Queensland Floods

It may be that Australians, in particular rural Australians, are coping with the floods so well because they are used to fending for themselves. Easy going because they know they have to find a solution: it seems a waste of time to whinge about it. Especially in an emergency situation. In Holland for instance, people seem to complain, sometimes because they are used to other people fixing their problems. I've heard about farmers lifting their harvests on barges (flat bottomed big boats), to be picked up by a semi-trailer truck. The post offices are still delivering and keeping mail that can't be delivered at the post office. Centrelink, the organisation that deals with unemployment benefits, has set up mobile offices to visit people that are unable to collect their money. Even insurance companies come to set up business close to the people that need it.

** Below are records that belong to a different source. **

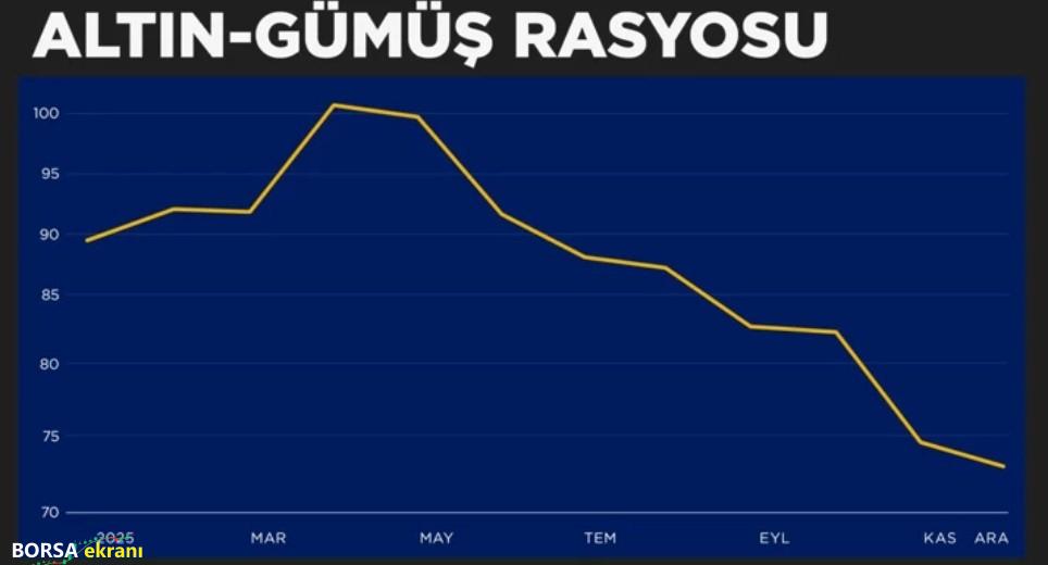 Altın/gümüş rasyosu, iki metal arasındaki uzun vadeli değer dengesini gösterir. 2025’te gümüşün hızlı yükselişiyle bu oran önemli ölçüde daraldı. Nisan ayında 105 seviyelerinde olan rasyosu, Aralık başında 70’lerin ortasına kadar gerileyerek son yılların en düşük seviyelerine indi. Bu görünüm, gümüşün altına karşı belirgin bir güç kazandığını gösteriyor.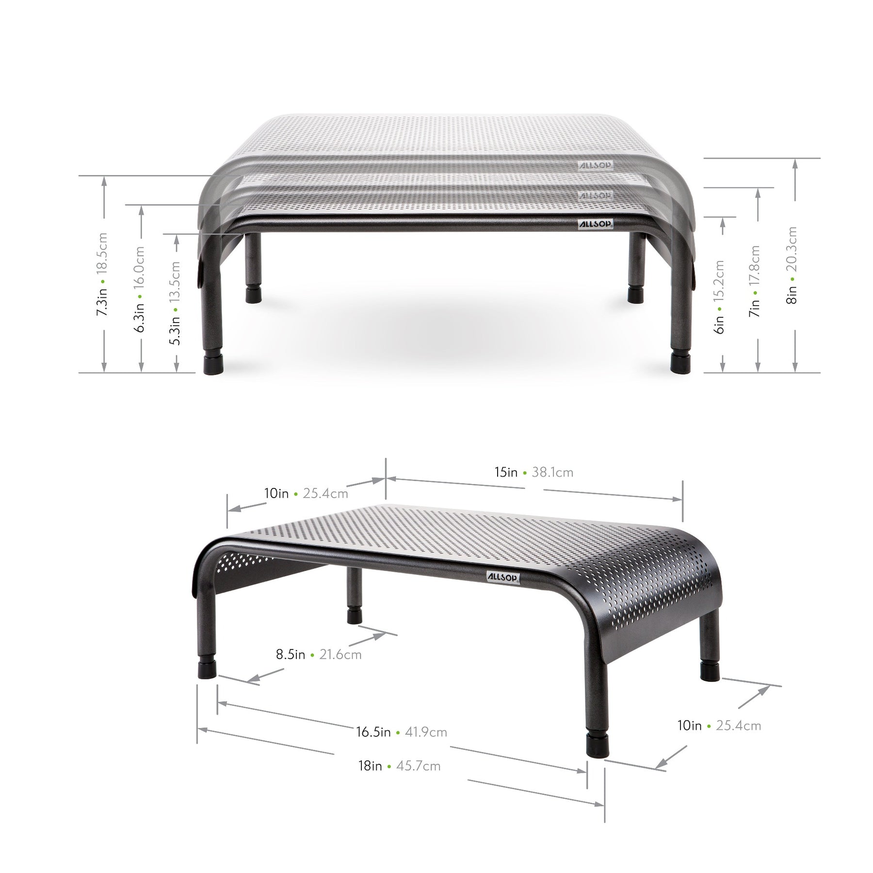 Using a simple push-pin system with three settings, you can easily raise your monitor to 6" , 7" or 8" off your desk for a comfortable, ergonomic viewing experience.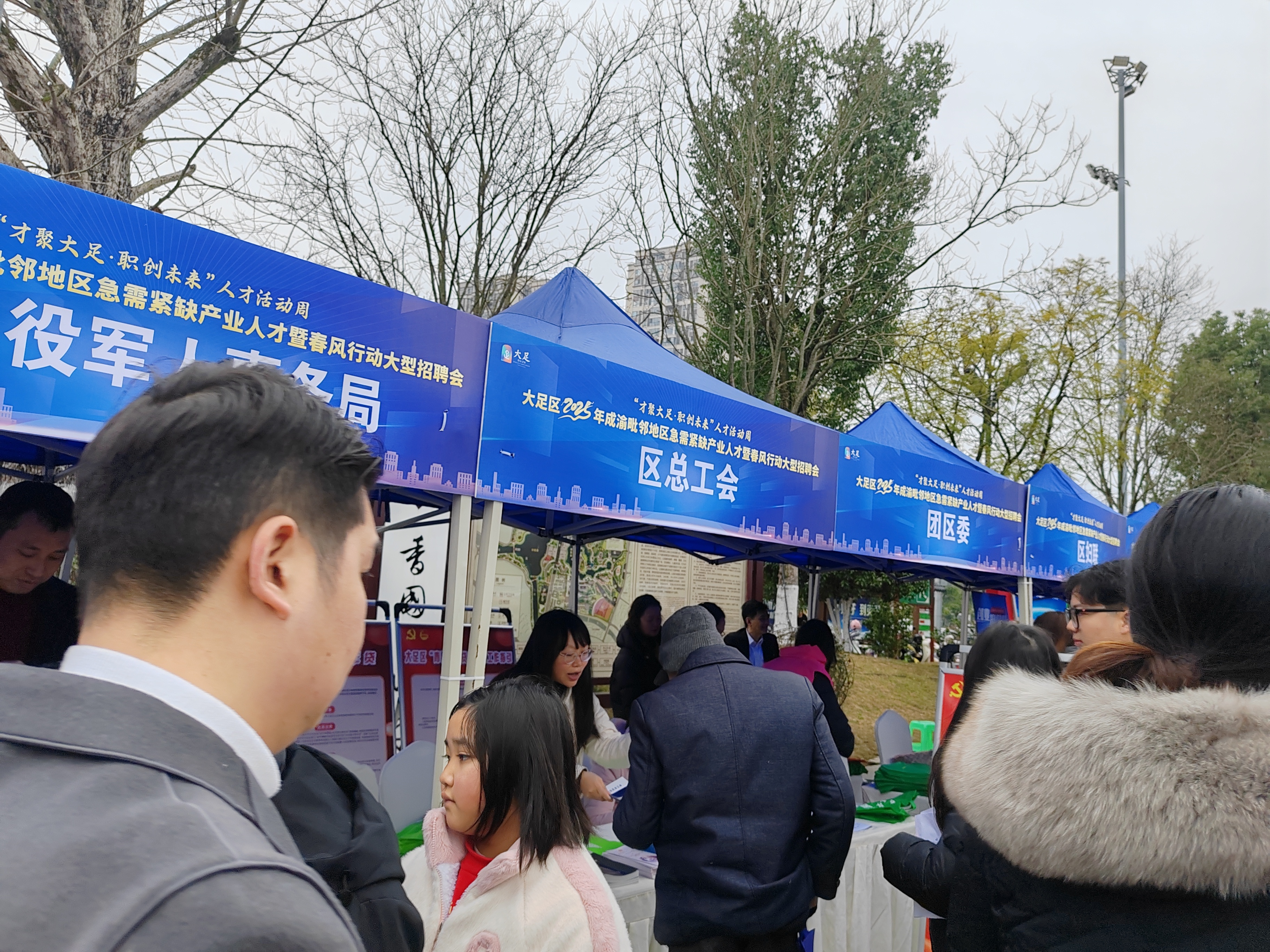 为积极响应国家稳就业决策部署,深入贯彻党的二十大和二十届三中全会精神,做好节后劳动者换岗流动和企业复工复产就业服务工作,2025年2月8日,由区委组织部和区人力社保局主办,区总工会、区退役军人事务局、区妇联、团区委、区残联协办的大足区2025年成渝毗邻地区急需紧缺产业人才暨春风行动大型招聘会在大足区香国公园正式启动。

If the pub is surrounded by water, well, you find a tinny or a row boat to get to the pub.
Just amazing for people from Europe I think. How well people adapt here.
If the police department is short of a boat, they wade to a scene of crime, waist high in water.

It's still a tragedy though; the impact of this all will last for months. Most farmers are not insured against flooding, because the premiums are astronomical. Many farmers have lost everything...

Premier Anna Bligh says that the over-all damage will exceed 5 billion dollars. She has appointed an army dude,  Major General Slater, to oversee the rebuilding of the state of Queensland.

Many flood-affected people are keeping their spirits up by playing ball games whilst waiting for the water level to go down, helping neighbours and council sand bagging where needed, helping distribute food supplies etcetera.

I still have the New Orleans Cyclone TV pictures in mind-  where many people panicked, cried, seemed hopeless and helpless. Not so in Queensland it appears... for now.